Navigating the Two-Midnight Rule with Medicare Advantage

By Tiffany Ferguson, LMSW, CMAC, ACM

In its Contract Year 2026 Medicare Advantage and Part D Final Rule (CMS-4208-F), the Centers for Medicare & Medicaid Services (CMS) addressed ongoing confusion about how Medicare Advantage (MA) plans apply inpatient criteria, specifically the “two-midnight rule” and how this interacts with appeal processes through the Independent Review Entity (IRE).

Layered deep in the seventh provision to clarify terminology regarding inpatient level of care, which primarily surrounds clarification of concurrent status changes and notice requirements for MA plans to patients, you will find a question from a key commenter who raised concerns about the disconnect between the two-midnight presumption used in traditional Medicare and the flexibility afforded to MA plans in denying inpatient claims.

The concern focused on the patient experience: beneficiaries are often admitted under an inpatient order, only to learn later that their stay has been reclassified as outpatient or observation, despite receiving the same level of hospital care. This results in potential financial liability and confusion, particularly when coverage status changes mid-stay.

Despite the gains that many hospitals felt regarding MA final rule 4201, this appears to be an interesting clarification regarding the difference between the two-midnight presumption verse the two-midnight benchmark.

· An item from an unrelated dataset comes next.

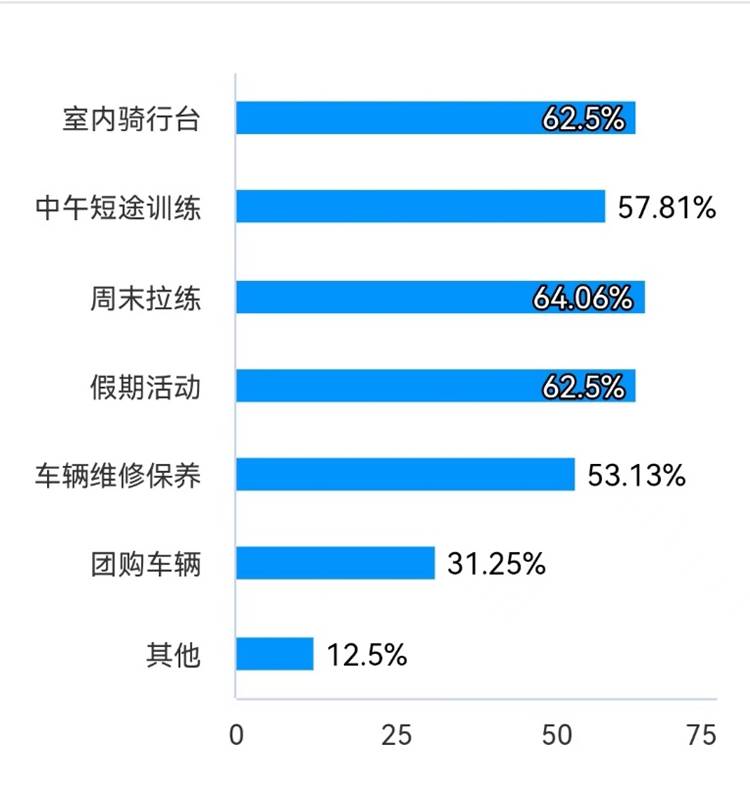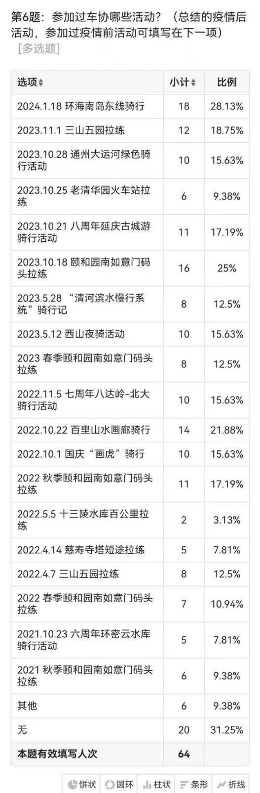 为更好服务会员,协会第一次对会员的基本情况进行摸底问卷调查,一周时间共收到64份,分别来自36个单位,男24女40,大部分会员集中在近三年加入的,80%的会员有变速车,38人骑过骑行台,62%的会员参加过三年内的中长途拉练,希望参加的活动前三项为周末拉练、假期活动、室内骑行台。

CMS clarified that while the rule strengthens various enrollee protections, it does not extend the two-midnight presumption to MA plans. The presumption, which deems inpatient admissions crossing two midnights as appropriate for Part A payment, was designed as a safeguard for traditional Medicare post-payment reviews conducted by Recovery Audit Contractors (RACs) or Quality Improvement Organizations (QIOs). The response then went on to say that this ruling is not a universal standard and does not bind MA organizations.

MA plans, however, are required to follow the inpatient admission criteria outlined in 42 CFR §412.3, commonly referred to as the “two-midnight benchmark.” This means that if a physician expects the patient to require hospital care spanning at least two midnights and formally admits the patient as such, the criteria for inpatient coverage may be met assuming the documentation supports medical necessity.

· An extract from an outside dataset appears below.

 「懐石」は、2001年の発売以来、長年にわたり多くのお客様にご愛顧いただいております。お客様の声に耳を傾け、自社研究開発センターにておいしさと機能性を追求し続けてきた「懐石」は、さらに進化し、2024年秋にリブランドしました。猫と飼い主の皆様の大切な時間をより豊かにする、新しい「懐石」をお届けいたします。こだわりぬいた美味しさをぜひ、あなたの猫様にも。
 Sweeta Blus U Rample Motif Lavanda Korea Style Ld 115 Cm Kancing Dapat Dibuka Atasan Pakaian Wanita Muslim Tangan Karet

Importantly, CMS emphasized that if the IRE overturns an MA denial and determines that the inpatient admission meets criteria under §412.3, MA plans must honor the IRE’s decision and effectuate payment.

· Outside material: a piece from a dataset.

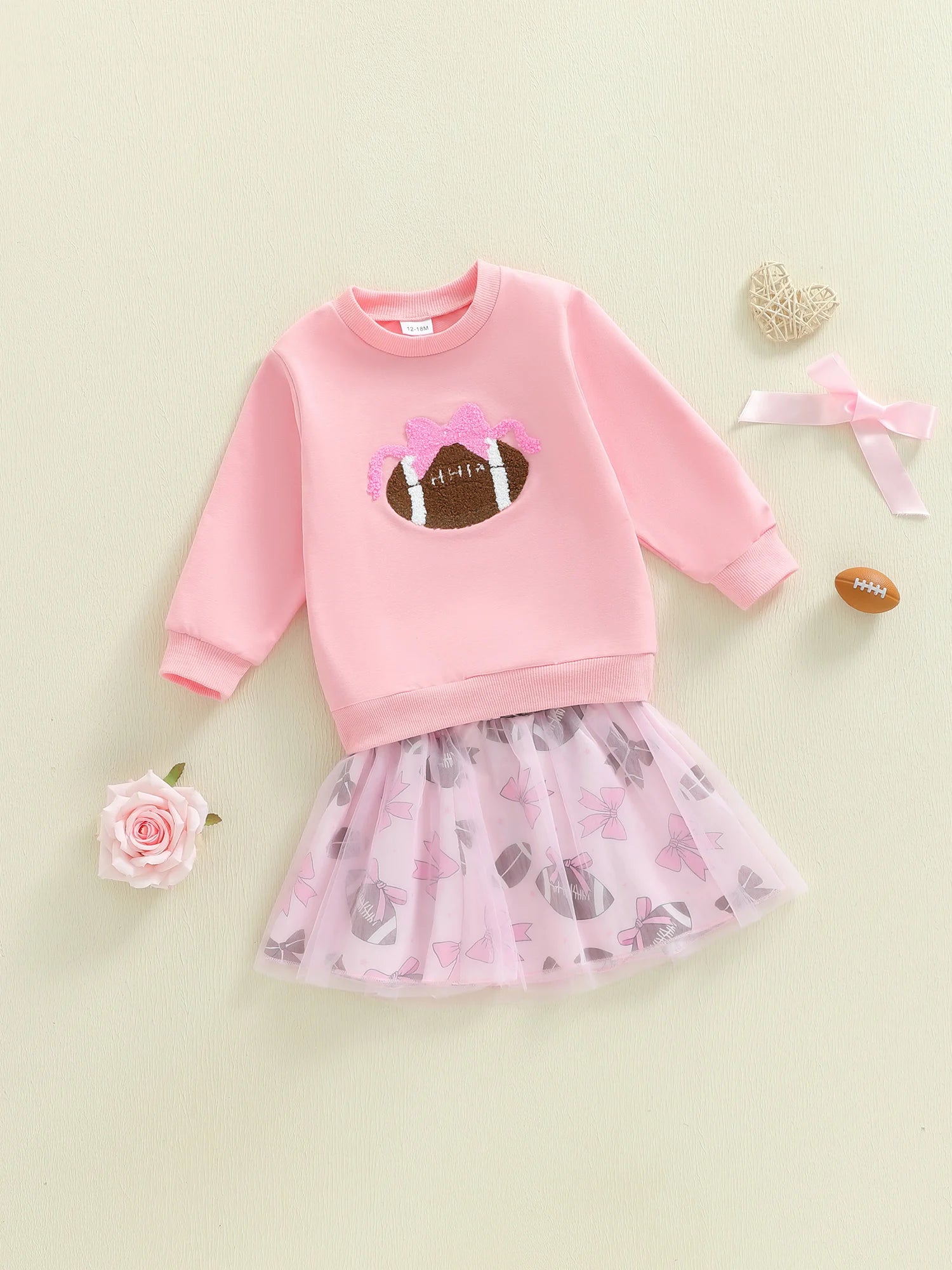 Baby Toddler Girl 2Pcs Fall Outfits Football Embroidery Long Sleeve Round Neck Top and Tutu Skirt 2Piece Set
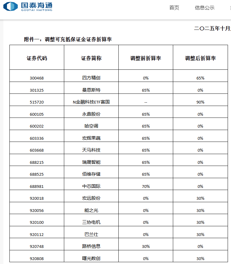 记者查询国泰海通证券官网信息显示,10月9日共有9只股票的可冲抵保证金折算率调整为零。具体来看,曼恩斯特(301325)、永鼎股份(600105)、哈空调(600202)、宏辉果蔬(603336)、天马科技(603668)、瑞晟智能(688215)、佰维存储(688525)的折算率,均由65%调整为0%。中芯国际(688981)的折算率则由70%调整为0%。路桥信息(920748)的折算率,则由30%调整为0%。

Although the two-midnight presumption remains outside the MA scope, CMS has taken other steps in the final rule to reduce patient and provider burden. These include stronger notice requirements for communication tools from MA plans to ensure level of care changes are communicated timely to patients, clarification on when MA beneficiary financial liability is triggered, and limitations on retroactive reclassification of previously approved inpatient stays.

To safeguard against the two-midnight benchmarking allowance for MA plans, the burden of proof will remain on providers to ensure thorough documentation surrounding intentions for admission, and the clinical rationale for inpatient care.